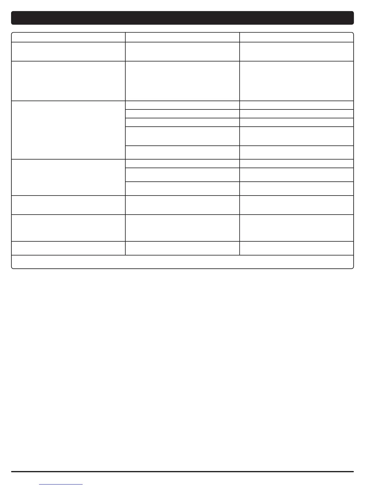 Burner does not light, or flame is low in HI position. Is LP fuel low or empty? Refill LP cylinder.
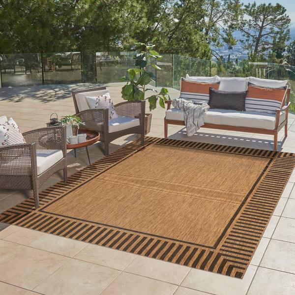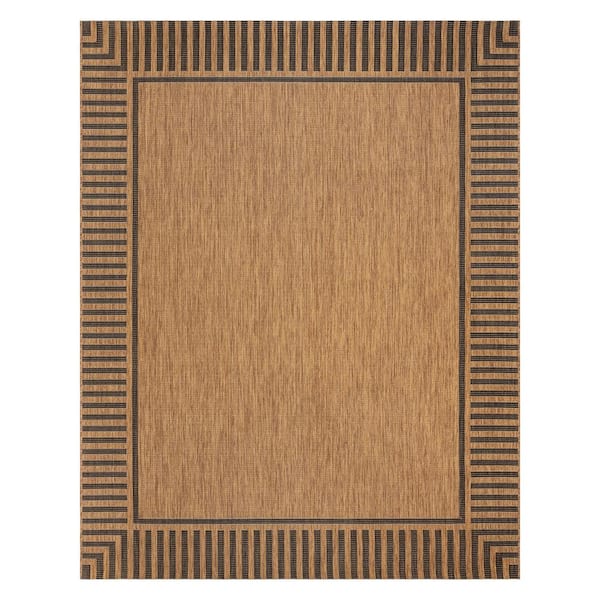 Paseo Kiano Chestnut/Black 9 ft. x 13 ft. Striped Border Indoor/Outdoor Area Rug
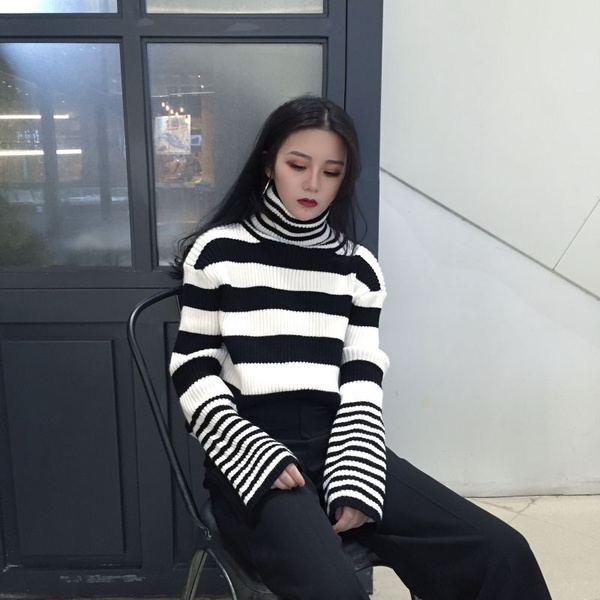 ZUCA”S~(現貨)條紋高領針織衫 - T-224
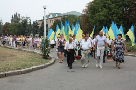 Участь у святковій ході та мітингу на чолі з головою РДА Іваном Рубським та головою районної ради Людмилою Луценко взяли громадськість міста, представники установ, громадських організацій, підприємці, школярі, які під жовто-блакитними знаменами святковою колоною прийшли до пам'ятника Тарасу Шевченку, біля якого встановлено Державний прапор України.
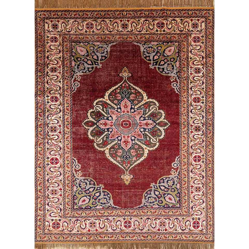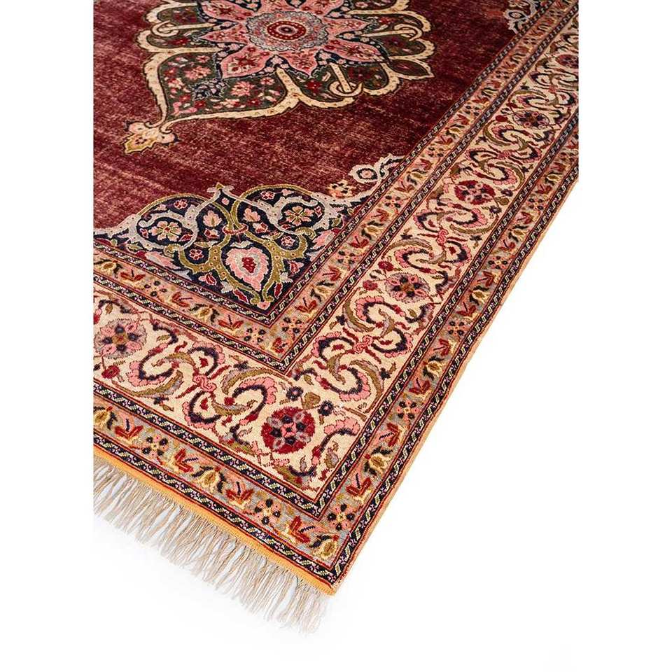 Alfombra de Lana Anudada a Mano Aalam, Diseño de Medallón Rojo Naranja, Kilim Rectangular de 9x12, Abstracta, Hecha a Mano para Adolescentes, para Entrada o Pasillo
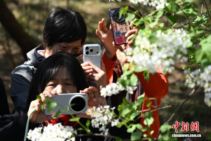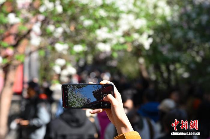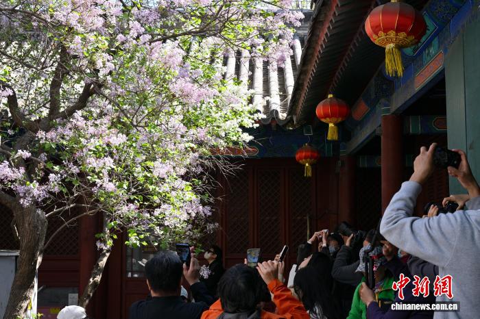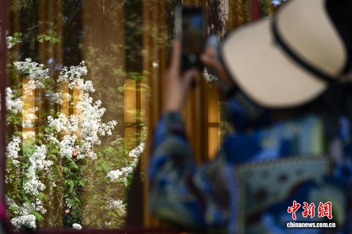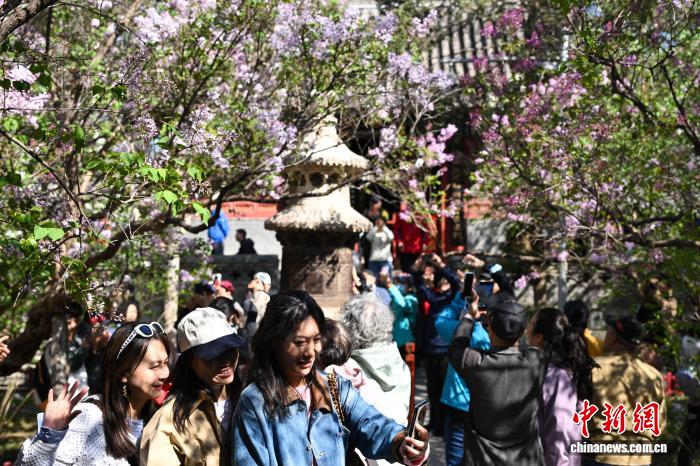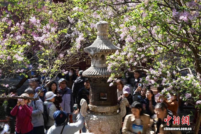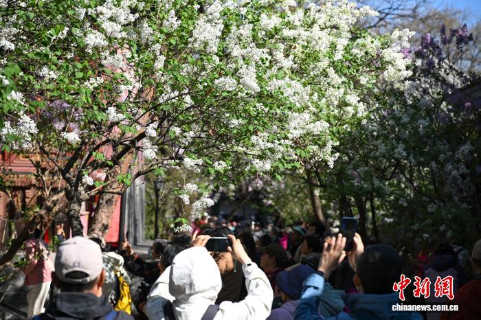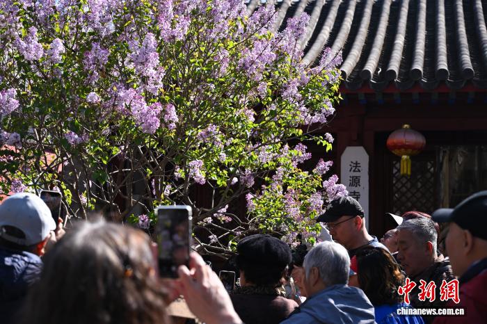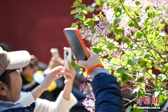 4月1日,游客在法源寺拍摄绽放的丁香花。中新社记者 田雨昊 摄
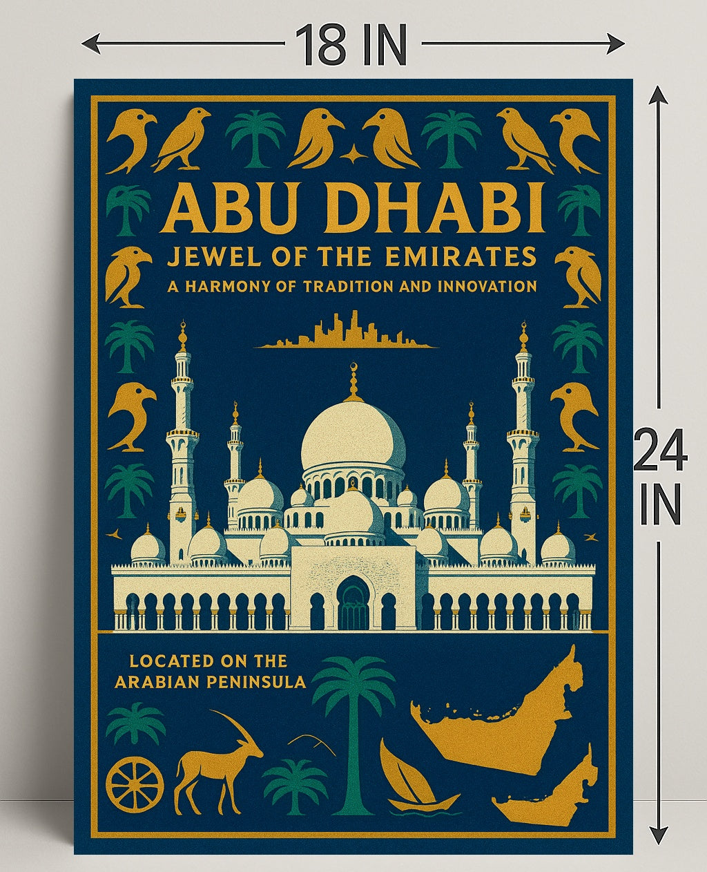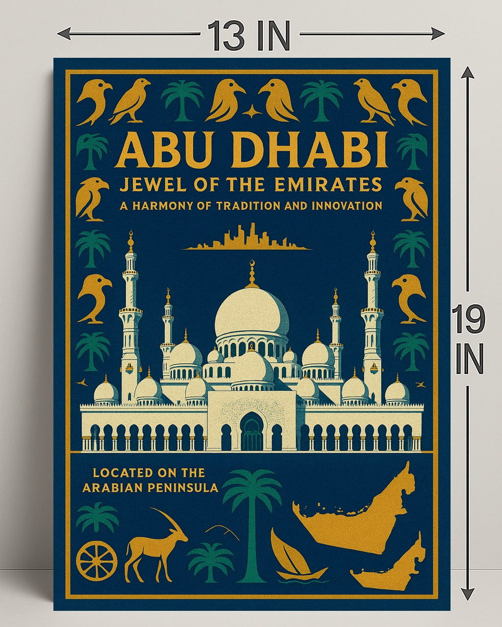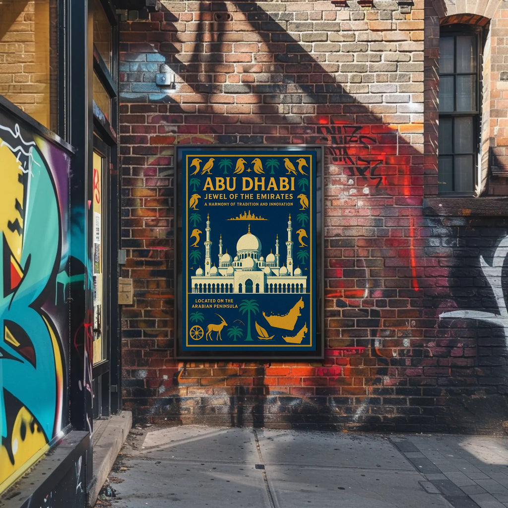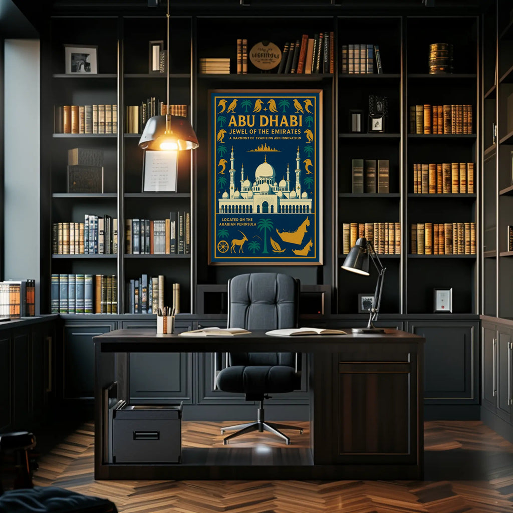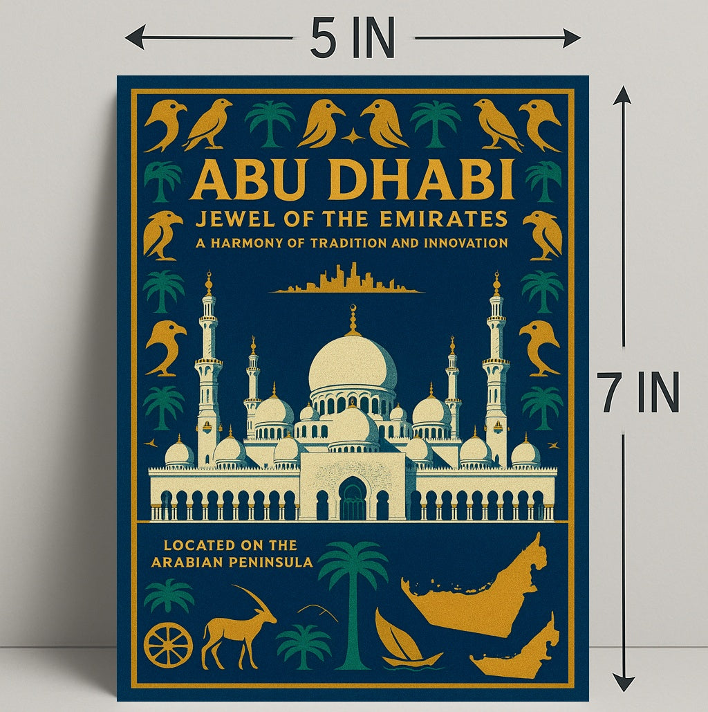 Why collectors love it: This poster functions as both a decorative accent and a cultural keepsake — a sophisticated souvenir that celebrates Abu Dhabi’s heritage and modern spirit. Its striking color palette and balanced composition make it easy to match with a variety of frames and interiors.

----

EXERCISE DESCRIPTION — Starting at the line that contains "4月1日,游客在法源寺拍摄绽放的丁香花。中新社记者 田雨昊 摄", extract each line through the last line of the material exactly as written, and include no pictures.

TASK RESULT —
 4月1日,游客在法源寺拍摄绽放的丁香花。中新社记者 田雨昊 摄
 Why collectors love it: This poster functions as both a decorative accent and a cultural keepsake — a sophisticated souvenir that celebrates Abu Dhabi’s heritage and modern spirit. Its striking color palette and balanced composition make it easy to match with a variety of frames and interiors.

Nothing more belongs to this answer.